Giusto per tua informazione, ho buttato via di recente la spada di legno con cui stavo quasi per ucciderti. Ecco una foto, tanto per ricordarlo:

Ti ho incolpato per le sofferenze che ho dovuto sopportare e ti consideravo un uomo senza spina dorsale, debole. Per me lo sei ancora, perché non riesci nemmeno a trovare il coraggio di chiedermi scusa come si deve e di ammettere i tuoi fallimenti come padre e protettore. Ti ci sono voluti 28 anni e una minaccia di morte da parte di tuo figlio per fare la cosa giusta.
Avresti potuto evitare tanta sofferenza, ma non l’hai fatto, perché non hai avuto il coraggio di prendere decisioni difficili, aggrappandoti a quella strana idea di ciò che ritenevi fosse una «famiglia completa». Beh, guarda la famiglia che hai costruito. Sei orgoglioso di ciò che hai realizzato e della tua eredità? Voglio dirti che avrei voluto che avessi divorziato il prima possibile, ma invece hai permesso a tua moglie di maltrattarmi e non hai fatto nulla. Ci sono state molte volte in cui ho pensato che la mia vita sarebbe stata migliore se l’avessi picchiata a morte e fossi finito in prigione. Da voi due non ho imparato altro che cosa non diventare.
Detto questo, in fondo so che sei una brava persona, anche se forse non molto saggia, e mi dispiace che tua moglie abbia tirato fuori il peggio di te.
Quando ci siamo rivisti brevemente qualche anno fa, mentre ero in vacanza a Jeju, e mi hai raccontato che avevi rischiato di morire per un’influenza e che avevano dovuto evacuarti per motivi medici, ho pianto per te. Spero che questo ti sia di qualche conforto. So che il giorno dopo tutto è tornato al punto di partenza e che ti ho detto delle cose davvero brutte. Ti chiedo scusa. Mi sono arrabbiata perché non volevo sentirmi dire "vai avanti" da nessuno di voi, quando nessuno ha nemmeno riconosciuto la sofferenza che ho passato. Nessuno di voi aveva il diritto di dirmi "vai avanti".
A proposito, ho cambiato nome e anche cognome. L’ironia del mio vecchio nome, 詹孝严, era che avrebbe dovuto significare “rispettare il padre”, ma il carattere 孝 significa anche “piangere la morte di qualcuno”. Il mio nuovo nome suona ancora allo stesso modo, e il significato che racchiude è che tutti mi guarderanno come un esempio da seguire.

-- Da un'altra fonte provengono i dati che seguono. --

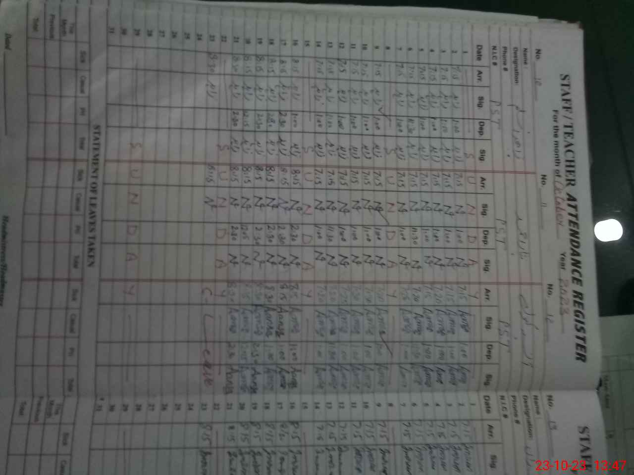 | CNIC | Full Name | Designation | R/C | Absence During Last Calender Month |

Spero che tu possa trascorrere il resto della tua vita felice e in salute, insieme alla tua nuova moglie, che spero sia migliore. Aspetta, chi voglio prendere in giro? Ma certo, la tua nuova moglie è migliore.
Mamma:
Caspita, da dove comincio? Questa parte è dedicata a te, ed è l’unica che ho scritto senza versare una lacrima. È un peccato che tu non possa capire nulla di tutto questo a causa delle barriere linguistiche, e dubito fortemente che questa lettera ti arriverà, perché so che tua figlia vorrà proteggerti. Ma eccola qui comunque.
Prima di iniziare, vorrei solo ringraziarti per esserti preso cura di me, per aver cucinato per me e per avermi assistito quando ero malato. Ci sono stati momenti in cui sono stato felice di averti al mio fianco, ma, soprattutto, avrei preferito non averti.
Siamo cresciuti molto uniti. Ti tenevo sempre per mano quando uscivamo. Pensavo che il nostro legame fosse speciale a causa delle circostanze della nostra famiglia. Volevo proteggerti da papà. Ricordo persino le volte in cui piangevo perché temevo che non ci saresti più stato. Ma alla fine ho capito che si trattava di un legame traumatico malsano. Il nostro rapporto ha iniziato a precipitare in una spirale contorta e tossica per ragioni che non capisco. Stavo semplicemente entrando in nuove fasi della vita, sperando che qualcuno mi guidasse.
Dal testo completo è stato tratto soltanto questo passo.